*TASK TO COMPLETE*. The records are to be copied word for word, and the pictures dropped.

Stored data
⁂

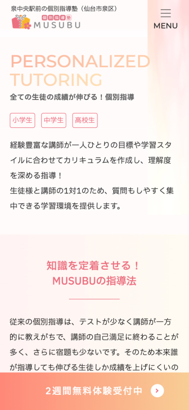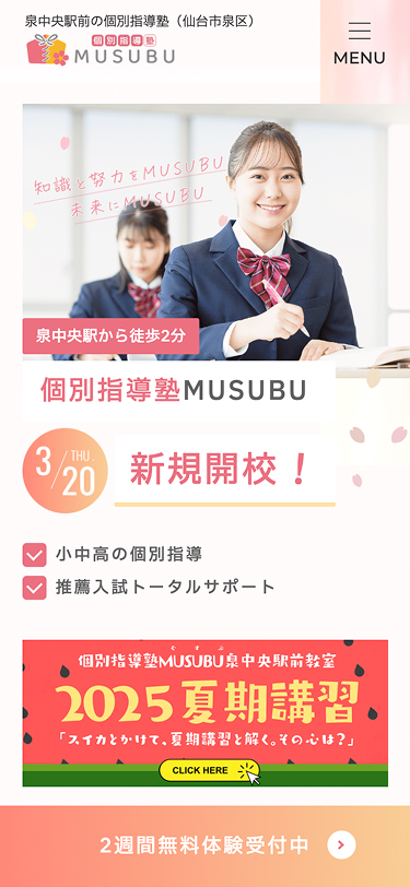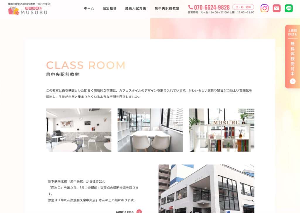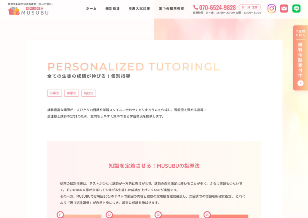 青森に本校を構えるアカデミーグループ様。これまでもホームページの運用代行でサポートさせていただいてきたご縁から、新たに仙台市内に開校される個別指導塾のホームページ作成をご依頼いただきました。
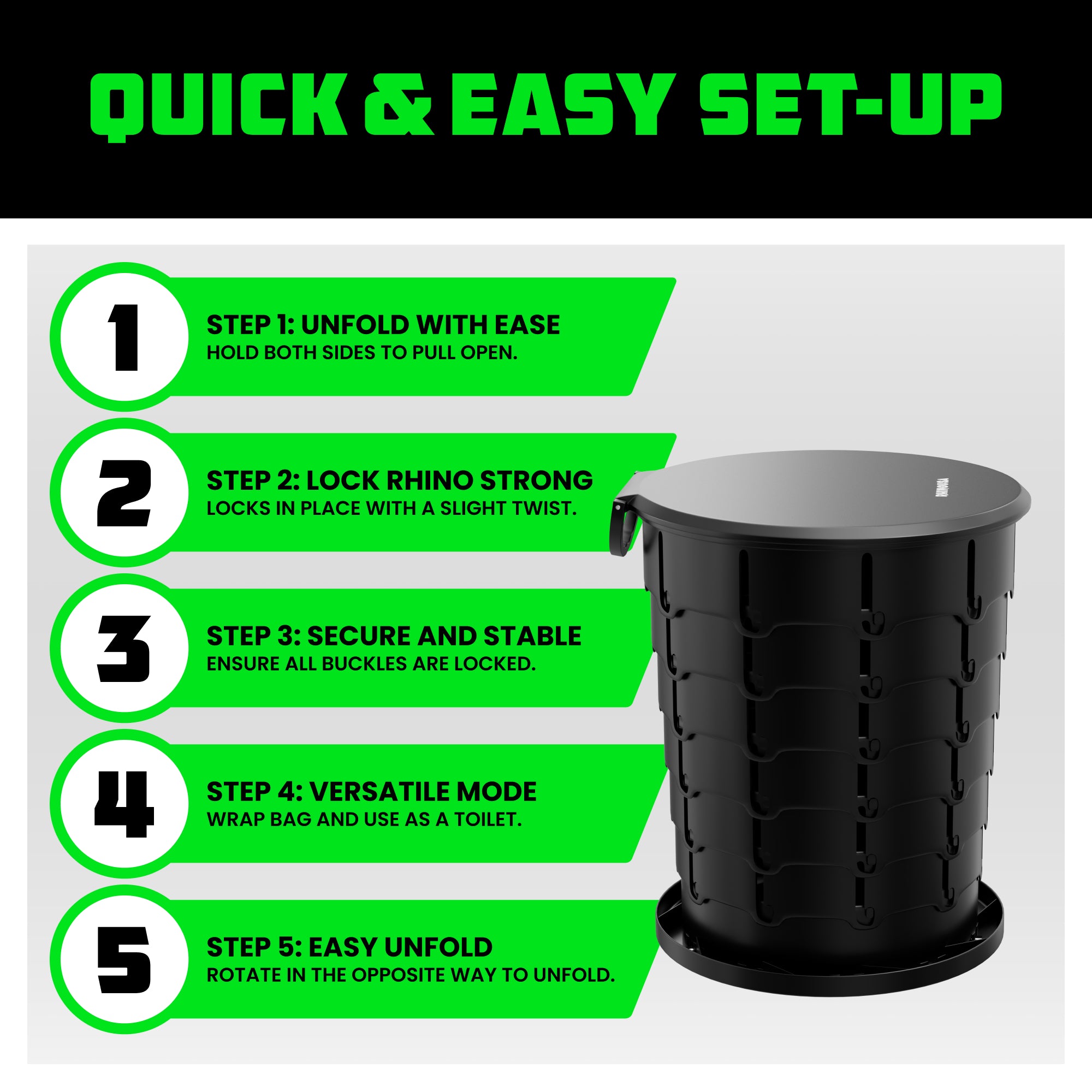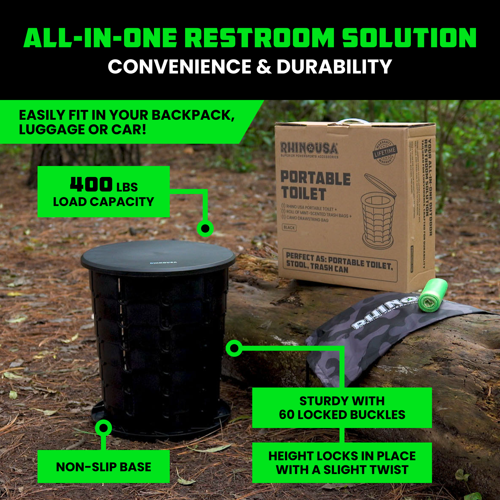 Built with 60 reinforced buckles and a non-slip base, this toilet delivers reliable stability on any terrain. Its rugged construction supports up to 400 lbs, giving adults and kids alike a secure and comfortable experience. Whether on rocky campsites, uneven trails, or boat decks, Rhino Tough strength ensures it’s ready for the outdoors.
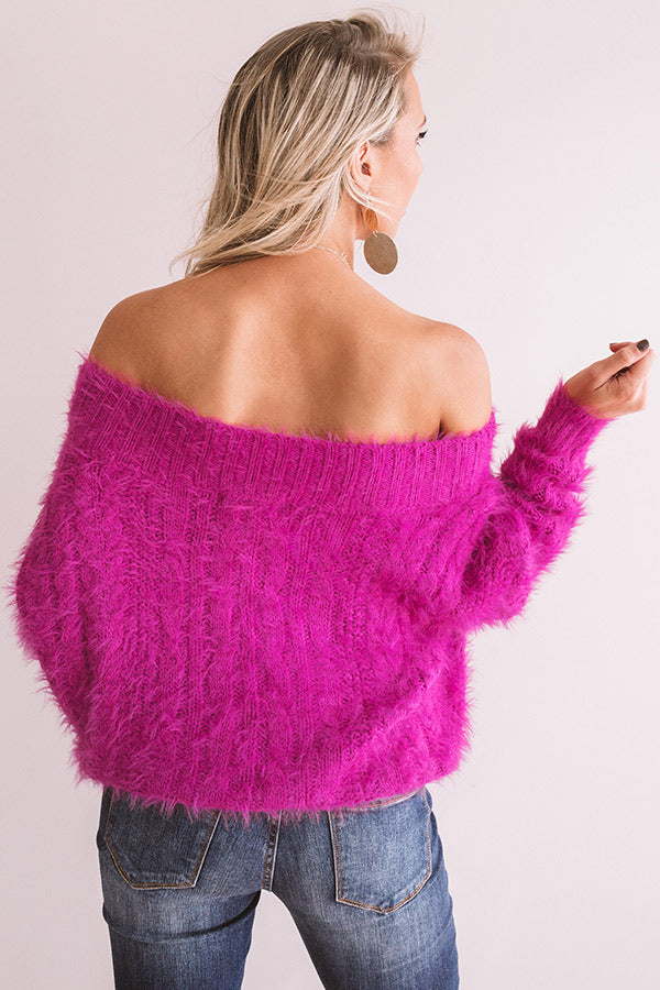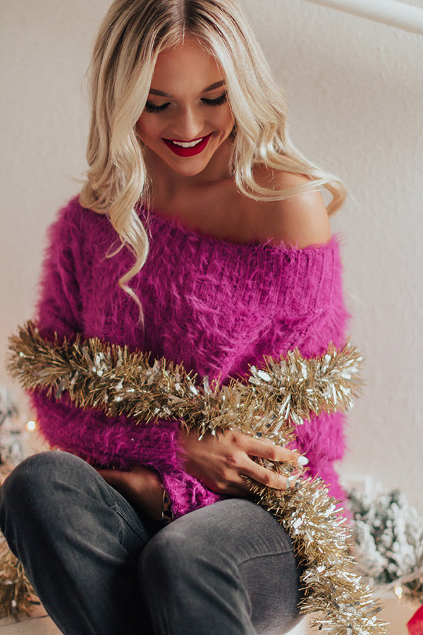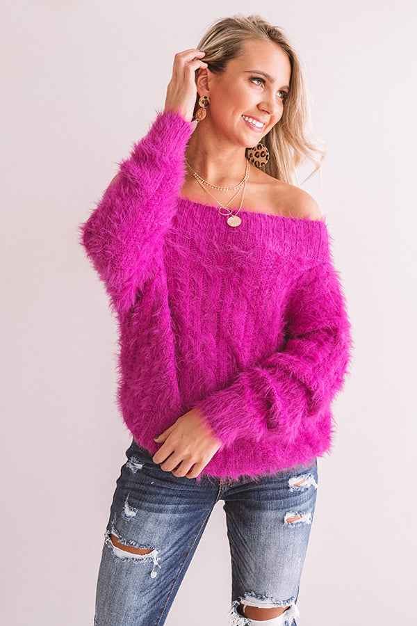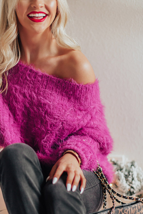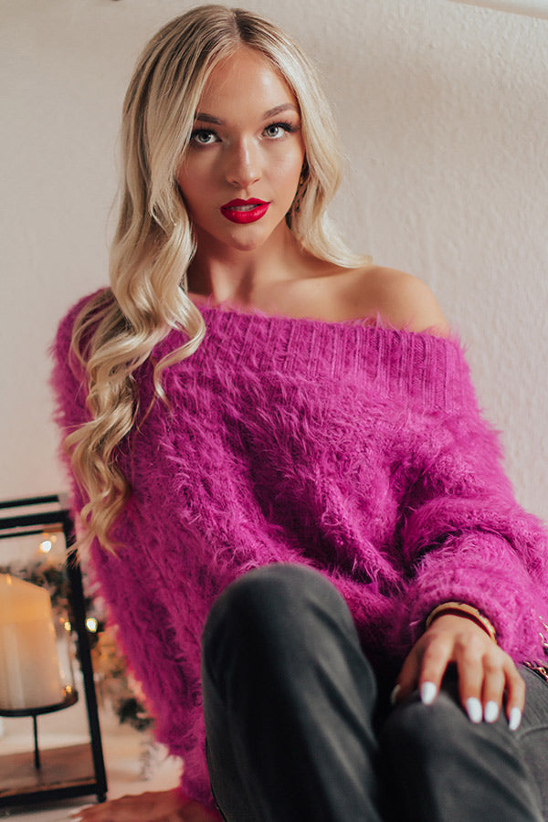 You will look like you are living "that posh life" when you wear this charming purple hued sweater featuring soft lightweight tight material with ribbed detailing and ultra fuzzy texturing, an off the shoulder fit with a straight neckline, long loose sleeves with fitted cuffs, and a relaxed silhouette that falls into a straight hemline! We have styled this vibrant cold weather piece with some black flares and neutral booties, but you can also wear it with some distressed light wash ankle skinnies, "The Mia Faux Suede Lace Up Heel in Hot Pink," and our "Own The Spotlight Leopard Hat!" Measurements
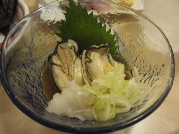 蒸し牡蠣のポン酢和え。ふっくらで大粒な牡蠣で、旨味いっぱいでした。
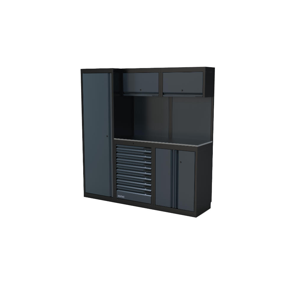 Home » Gereedschap opbergen » Werkplaatsopstellingen Sonic » SONIC NEXT MSS Werkplaatsopstellingen » SONIC 4930709 NEXT MSS opstelling rvs werkblad hoog 1958mm

⁂

*OUTPUT OF THE EXERCISE*.
 青森に本校を構えるアカデミーグループ様。これまでもホームページの運用代行でサポートさせていただいてきたご縁から、新たに仙台市内に開校される個別指導塾のホームページ作成をご依頼いただきました。
 Built with 60 reinforced buckles and a non-slip base, this toilet delivers reliable stability on any terrain. Its rugged construction supports up to 400 lbs, giving adults and kids alike a secure and comfortable experience. Whether on rocky campsites, uneven trails, or boat decks, Rhino Tough strength ensures it’s ready for the outdoors.
 You will look like you are living "that posh life" when you wear this charming purple hued sweater featuring soft lightweight tight material with ribbed detailing and ultra fuzzy texturing, an off the shoulder fit with a straight neckline, long loose sleeves with fitted cuffs, and a relaxed silhouette that falls into a straight hemline! We have styled this vibrant cold weather piece with some black flares and neutral booties, but you can also wear it with some distressed light wash ankle skinnies, "The Mia Faux Suede Lace Up Heel in Hot Pink," and our "Own The Spotlight Leopard Hat!" Measurements
 蒸し牡蠣のポン酢和え。ふっくらで大粒な牡蠣で、旨味いっぱいでした。
 Home » Gereedschap opbergen » Werkplaatsopstellingen Sonic » SONIC NEXT MSS Werkplaatsopstellingen » SONIC 4930709 NEXT MSS opstelling rvs werkblad hoog 1958mm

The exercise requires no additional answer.